Florence Elizabeth Riefle’s talents proved fruitful by her willingness to think creatively and to continually adopt higher values for herself. After her death in 1998, she was inducted into the 1999 “Maryland Women’s Hall of Fame” as its first visual artist, and the Maryland State Archives received 350 to 400 of her sketch books of Maryland, Maine, Germany and France to be preserved for future generations. Her work is in private and corporate collections in the U.S. and Japan.
That was not all she accomplished. Florence had the caring heart of a reconciler, recorder, collector, and preservationist — and demonstrations in those areas came in many forms. Being the eldest Riefle daughter, the Riefle family maintained certain expectations she was dutiful to their wishes, but her artistic bent set her apart from their patterns. From her youth, Florence showed an independent indomitable “air,” and graduated from the Maryland Institute in 1931 and in 1933 with honors and a traveling stipend to Europe. In 1934, she married painter Leonard Bahr. Throughout their life they loved the fine arts, museums, hikes, bicycles, canoes and music.
In 1936, they were quoted by the Baltimore Sunpaper as saying they would “rather paint than eat,” and in that year, they had their first of many artistic exhibitions. By 1947 after the war, she, Leonard, and their three children moved from Baltimore to “Edgewood Cottage” on Old Lawyers Hill Rd.

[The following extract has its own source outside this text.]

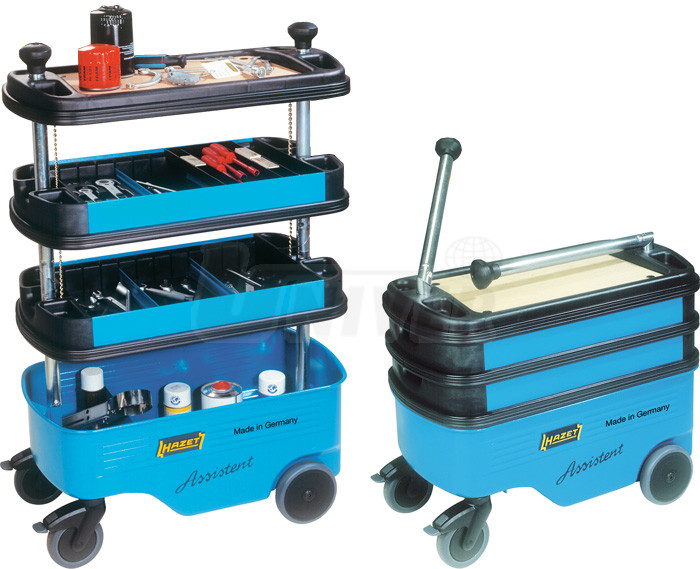 Pojízdný montážní vozík má 3 výsuvné police (obě spodní lze výškově libovolně nastavit), úložný prostor ve spodní části, 4 větší kolečka s tvrzenou pryží (2 říditelná s brzdou), umožňují snadné přejíždění nerovností, kvalitní ocelový plech, vypalovaný lak a centrální zamykání. Kolem výsuvných polic jsou ochranné gumové profily. Obě postranní vodicí tyče lze po složení polic sklopit, čímž se výška celého vozíku sníží až na 647 mm. To je výhodné při převážení vozíku, protože zabere méně místa.

By the 1960’s, social activism became the vehicle for her artistic expression. Two of the many authors that helped shape her consciousness were Thomas Merton and Alan Paton, carrying the understanding that the steps to “peace” were viable actions to undertake and not political or philosophical concepts. She became a member of the Howard Co. Peace Action Committee (“HoCoPAC”). In her family, everyone had an opinion – yet she set her course. Florence pursued non-retaliatory anti-war, anti-bomb, and civil rights marches with her sketchbook in tow. She attended the March on Washington and was temporarily arrested in a Pentagon protest on May Day in D.C. She also helped feed children of low-income families in breakfast programs initiated by the Black Panthers.

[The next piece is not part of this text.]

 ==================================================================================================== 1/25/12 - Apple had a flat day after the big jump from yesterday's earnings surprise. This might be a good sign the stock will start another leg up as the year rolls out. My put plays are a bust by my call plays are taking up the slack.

Too sensitive to sketch outright violence, she mirrored the times in her art with worthwhile images of day-to-day life, symbols of hope and truth, designs of nature, and significant Maryland events like the trials of the Catonsville Nine and the trial of Gov. Mandel’s indictment. After the martyrdom of Martin Luther King, Jr., she created a burnt wood relief in his honor and gave it to the NAACP for its national headquarters.
In 1967, Florence earned her MFA degree in Education and Printmaking from MICA. Within twenty years, she also studied both Biology and German at the Catonsville Community College. She illustrated children’s books and poems, had numerous one-woman and group traveling exhibitions of her paintings and prints, and won prizes throughout her life. For a time, she was a secretary for the Elkridge Heritage Soc’y. and she had memberships in the National Association of Women Painters & Sculptors, the Pen Women, and the League of Women Voters, ss well as winning a “Peace and Freedom” award in 1970 for her artistic achievement and commitment to peace from the Women’s League for Peace and Freedom.
Florence was also a collector. She opened the “Humpty Dumpty” doll museum in Ellicott City, by which she became the subject of a Maryland TV news documentary “Maryland By George” in 1983. She also was an antiques dealer in Fells Point and at the Ellicott City Antique Depot. After the death of Leonard, she remained active with her watercolors and printmaking, including designing an historic designation marker of the Elkridge Assembly Rooms posted at the entrance of Lawyers Hill Road in Elkridge, which sign was later stolen. In 1996, she had a retrospective exhibition at the Peabody Conservatory’s Galleria Piccola.
Florence’s strengths of character came from having joy in little things, a curious eye, an empathetic heart, a dogged determination — and though not winning all the time — a trust for ultimate victory. These developed the qualities that are remembered by those who value her. Her legacy remains.